El señor Nickle salió del charco con un gorro de dormir y un pijama raído.

—¿Qué pasa ahora? —preguntó con voz de dormido.

—¡Es la bestia! Estaba comiendo carne —dijo Bethany triunfal.

El señor Nickle se frotó los ojos y miró a la bestia. Bethany se volvió también hacia ella pensando que iba a ser su momento victorioso, pero se dio cuenta de que era demasiado tarde. La bestia lucía una sonrisa dulzona y babosa y sostenía un tenedor en una de sus pequeñas manos.

—Ay, madrecita, estoy comiendo, pero nada que sea carnosito, eso seguro, seguro, segurísimo —dijo la bestia, que dio un bocado a la parte superior del tenedor—. ¡Esta cubertería está deliciosita!

Bethany no tenía nada que hacer ni que decir para respaldar su palabra frente a la de la bestia.

El señor Nickle frunció su ceño ya lleno de arrugas en un gesto de enfado con Bethany y le confiscó el botón.

—Esto es solo para la gente en la que se puede confiar —le dijo conforme se guardaba el botón en el bolsillo del pijama.

Y, dicho aquello, volvió a desaparecer en el interior del charco.

Bethany no se podía creer lo estrepitoso que había sido su fracaso.

—Siento muchito haber limpiado todo —dijo la bestia—. Ya sé que ha sido un poco tramposillo por mi parte, pero no podía soportar la idea de abandonar mi hogarcito.

Bethany comenzó a temer que a lo mejor la bestia no se marcharía nunca. Si no era capaz de conseguir sacar a la luz su verdadera naturaleza a base de darle carne para comer, entonces ¿cuánto tiempo se iba a quedar allí? ¿Días… semanas… meses… años, incluso? Quizá su plan malvado consistiera en quedarse allí con Bethany durante el resto de su vida y atormentarla hasta en su lecho de muerte.

—¿Me has oído, Bethany?
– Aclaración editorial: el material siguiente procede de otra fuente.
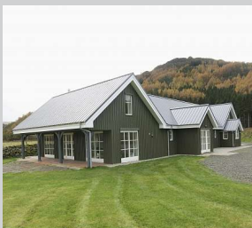
Ein einzigartiges Ferienhaus in Schottland

Ay, espero sinceramente que puedas perdonarme —dijo la bestia.

Bethany salió airada de la cocina, camino de la parte de atrás de la casa.
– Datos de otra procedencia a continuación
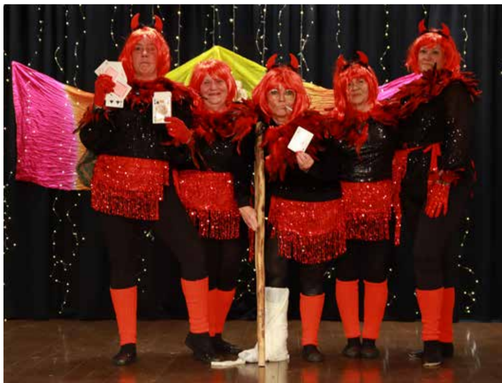
25. aprillil oma 30. aasta juubelit tähistav tantsurühm AERODÜNAAMILISED tantsuga „Kaardipõrgu“.

No se podía creer que la bestia la hubiese derrotado… de nuevo. Hiciera lo que hiciese, por mucho que lo intentara, era siempre como si la bestia fuese a encontrar la manera de permanecer en su vida y devorar así cualquier esperanza de felicidad para ella.

Agarró una manta y salió al jardín. Se llevó una mano al rostro y no se sorprendió en absoluto al encontrarse con las lágrimas de frustración cayéndole de los ojos.

Se quedó allí fuera mientras el sol continuaba saliendo y contempló el amanecer del día de su grandiosa fiesta. Para ella debería haber sido un momento triunfal, pero, gracias a la bestia, aquello no le pareció un triunfo de ninguna clase. Se le habían agotado las ideas.

En un momento dado, Bethany se sacó la trompeta del pantalón y se la puso delante de los ojos llorosos. Hasta hacía apenas un par de días, ella había creído que se había librado de la bestia y no recordaba un momento de mayor felicidad en toda su vida.

Bethany soltó un pequeño berrido de frustración, pensando que ojalá hubiese alguna manera de librarse de la bestia de una vez por todas, cuando le llamó la atención algo que había en el cielo.

Aquel «algo» era morado, tenía plumas y venía volando hacia la casa con la velocidad y la determinación de un tornado furioso. En un abrir y cerrar de ojos, se posó delante de Bethany entre una lluvia de plumas.

Por la expresión de furia que había en los ojos de aquel loro petimorado de Wintloria, Bethany supo de inmediato que no se trataba de una visita de cortesía.

—Bethany, supongo —soltó de golpe Mortimer—. Necesitaré que me señales en qué dirección se encuentra la bestia.